With state budget talks under way in earnest, a group of members from the Buffalo Niagara Partnership spent Monday pressing lawmakers to further cut taxes and reduce regulatory burdens imposed by Albany.
"We feel that you constantly have to remind our legislators that small business owners need their consideration, especially in the areas of tax relief," said Richard Romer, chairman of the group's small business council.
Romer, a partner in Romer & Castiglia, a certified public accounting firm in Williamsville, said he and two-dozen other regional business executives met with legislators and their staffs to also press for more financial assistance to help start-up companies.
"We want to try to get the Legislature to try to realize that we need to reduce our taxes, and we need to create more jobs so that we can turn the economic situation in New York state around," Romer added.
For certain, taxes are going to be cut as part of this year's state budget. Unclear, however, is precisely which taxes -- Senate Republicans and Assembly Democrats have different priorities -- and by how much.
But Romer said the Legislature should include deeper cuts in estate taxes before it adopts a budget, possibly in the coming weeks. While estate taxes were lowered last year in New York, they still are higher than other states to which wealthier business owners are increasingly relocating.
But the trip wasn't all about taxes -- like most journeys for business groups.
Romer said the group also discussed changing the way the state defines when a person is considered -- for tax reasons -- an independent contractor or an employee of a firm. He said the state's narrow definition of such situations, as compared to the federal government's interpretation, can end up costing small and emerging companies hundreds and thousands of dollars in taxes.
Such "nuisance taxes" don't help a firm just starting its business, he said. The group also pressed lawmakers on regionalism, the concept increasingly used in other states in which localities share their services on everything from police to garbage pick-up.

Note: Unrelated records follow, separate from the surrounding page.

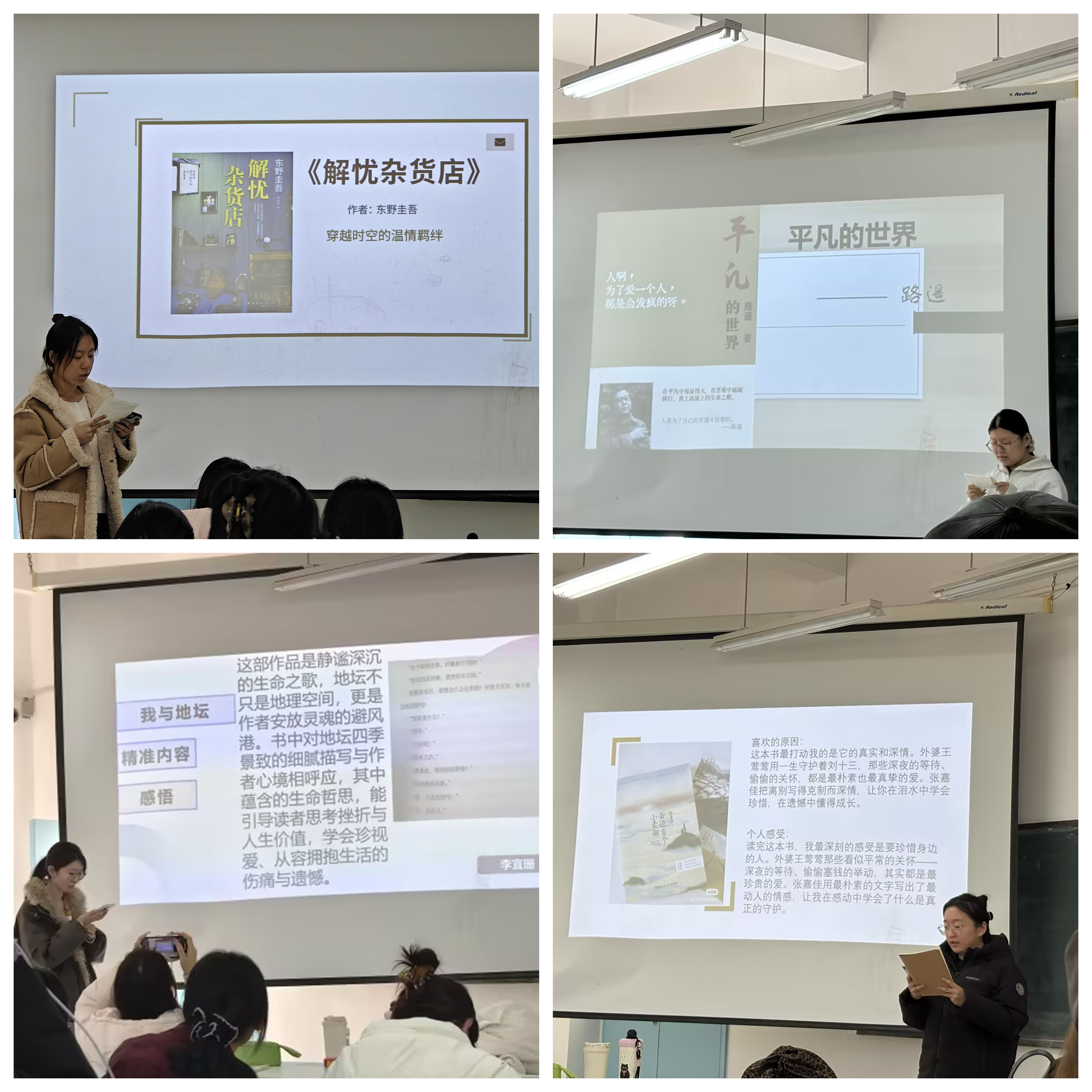在我喜欢的一本书环节,学生结合阅读体验,阐述书籍带来的思想启发与情感共鸣。王黎明、赵露露、潘立峰等同学围绕《骆驼祥子》《边城》《活着》的时代意义与文学价值展开分享,传递对中华优秀文化与时代精神的理解;王雅琪、秦小迪、魏孟迪、李函真等同学分享《牧羊少年的奇幻之旅》《解忧杂货店》《包法利夫人》《天才在左疯子在右》等书籍带来的成长感悟,表达对平凡生活中珍贵情感的重视,并结合个人思考提出行动认知;褚杨解读《自卑与超越》中被讨厌的勇气中的心理学观点,分享对自由与自我成长的理解。
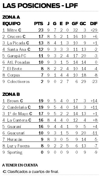 Aunque todavía quedan algunos partidos para completar el fixture, ya que están todos los clasificados. Por la Zona A están Mitre, Crucero, La Picada y Santa Ana; en tanto que en la Zona B avanzaron Brown, Candelaria, 1º de Mayo y La Cantera.
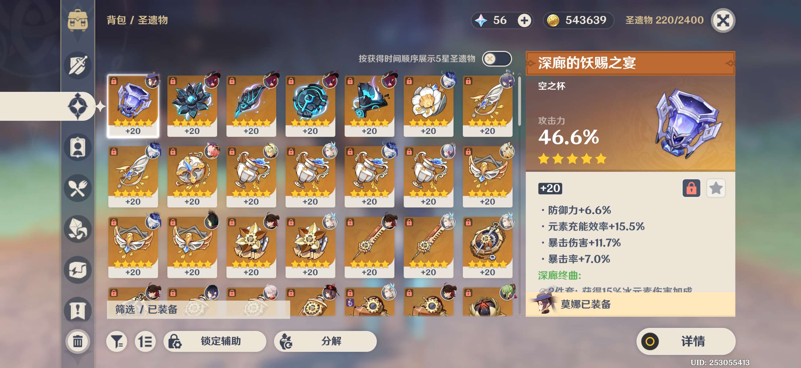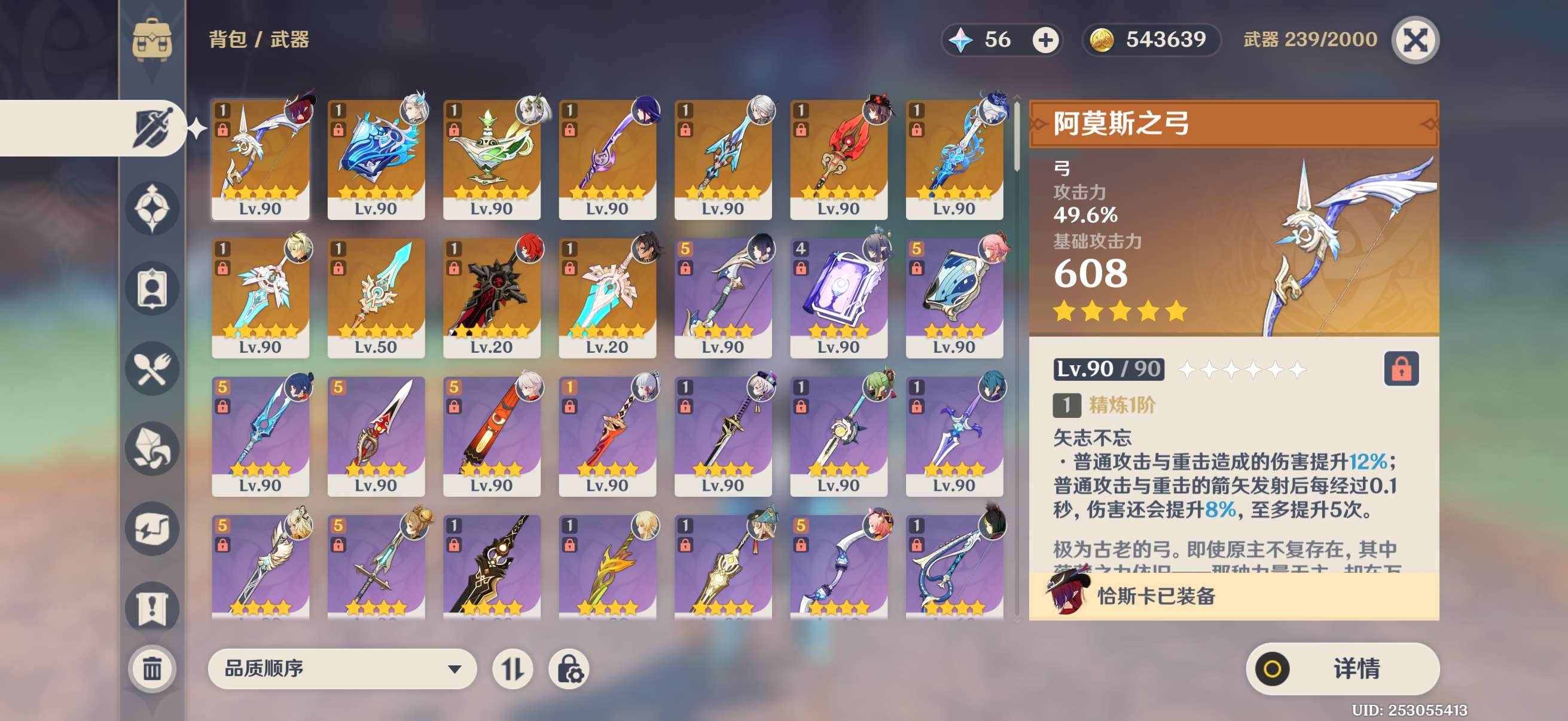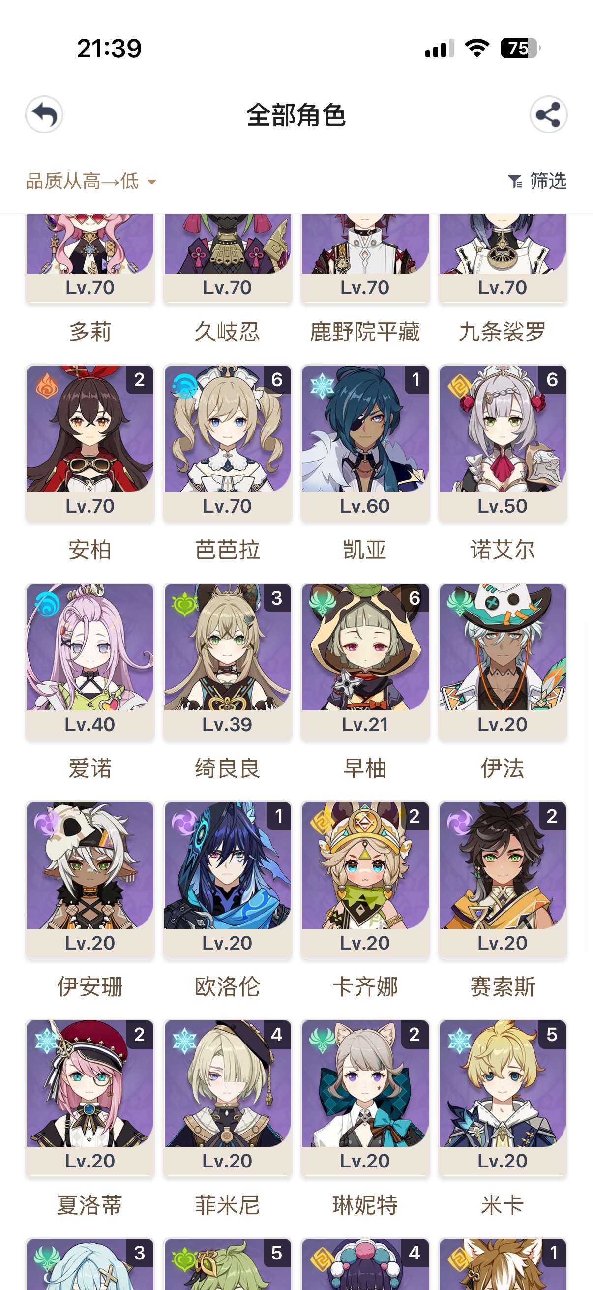 3命雷神2命胡桃2命龙王1命夜兰等,还有好多专武,5星圣遗物,角色练度很高
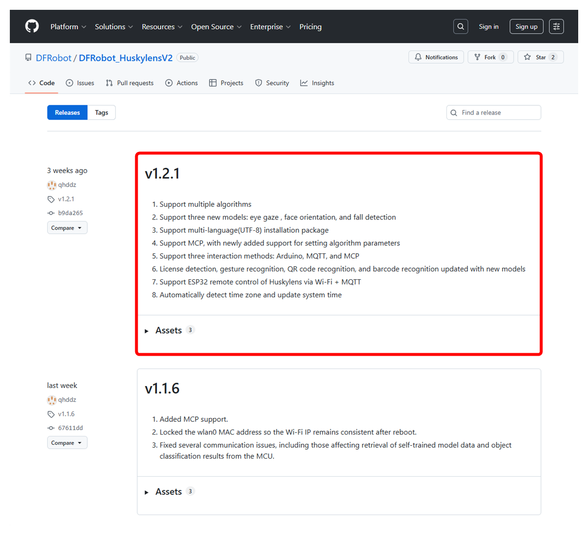 HUSKYLENS 2の開発元であるDFROBOTのGitHubリポジトリ(https://github.com/DFRobot/DFRobot_HuskylensV2/releases)にアクセスして、最新のファームウェアバージョンを確認します。この例では[v1.2.1]と表示されています。また、その下には、このバージョンで修正された内容や追加された機能など、変更点が一覧で表示されています。

The business group's trip to Albany was particularly well-timed, whether planned or not. The Legislature has broken up into nine separate conference committees to help resolve differences between the Senate and Assembly fiscal plans. Had the group come to Albany a few weeks later, as some interest groups have already planned, their pitch may well have been moot.
"We certainly believe it's an important annual trek to Albany to deal directly with our legislators one-on-one," said Elizabeth Pujolas, government relations director for the partnership.